Monthly Archives: April 2021

“Eva” by Peter Dickinson

Eva

This book was loaned to me by a friend, who asked for my opinion of it. Sometimes this means my “scientific” opinion, since I am a scientist. I earned a Master of Science in Chemistry in 1973.

My academic degree is no particular help in evaluating this book, but I have relevant informal experience. I’m married to an ecologist well versed in evolution, who taught an undergraduate course called “Animal and Human”. That course focused on the research of Jane Goodall and other primatologists. Our home bookshelf includes works by Goodall, Frans de Waal and others. I particularly like de Waal’s Good Natured – the origins of right and wrong in humans and other animals.
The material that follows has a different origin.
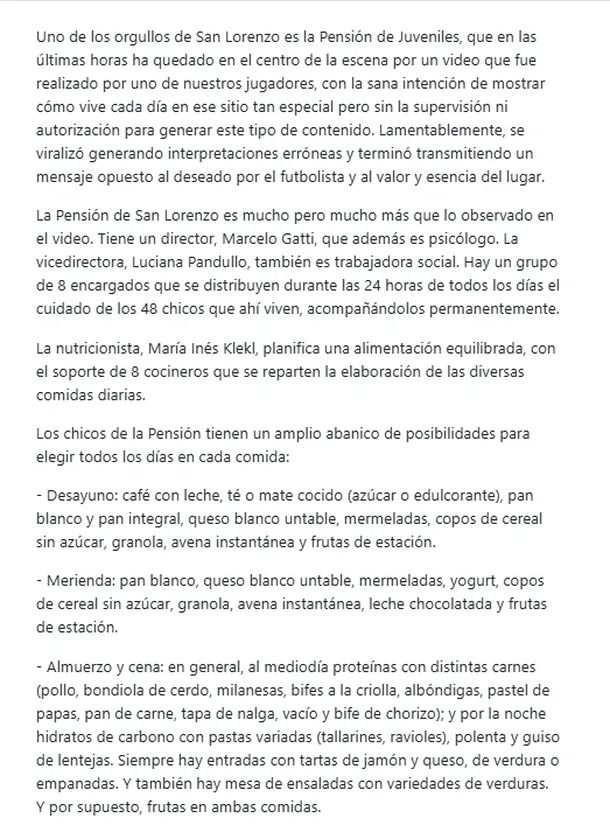 Desde la dirigencia del Ciclón aseguró que el material “proyecta una imagen opuesta a la realidad” y remarcó que fue grabado sin autorización. Según el club, actualmente viven allí 48 jugadores, bajo el cuidado de un equipo de ocho personas que se turnan las 24 horas.

Back to the book… Eva is a 13 year old girl who suffers devastating physical injuries in an auto accident. Her (less damaged) brain is transplanted into the body of a young female chimpanzee. (No, I don’t think will happen in my lifetime, despite rapid advances in neuroscience.) Against all odds, Eva survives, the first (and only) member of a new life form. Everything about Eva is novel and much is unexpected – to her, her family and the doctors and scientists who made her treatment possible.

Eva turns out to be more chimpanzee than human. She feels more at home in a chimpanzee colony called “the pool” than with her parents or school friends. Their habitat destroyed by human overpopulation, all surviving chimps live in “the pool”, a zoo-like urban setting where chimps face one of three fates. Some are sold to corporations or universities for research. Others are kept in a zoo, for the (paying) public to see and appreciate them. The luckiest ones live mostly undisturbed in a private compound, observed (remotely) by scientists who want to understand their biology and behavior. Even that is not a “good” or “natural” life for a chimpanzee, and they have lost skills, including the ability to forage for food. Eva, the daughter of one of the scientists, played with chimps as a child and felt positive towards them. This helps her survive the shock of “waking up” in a chimpanzee body.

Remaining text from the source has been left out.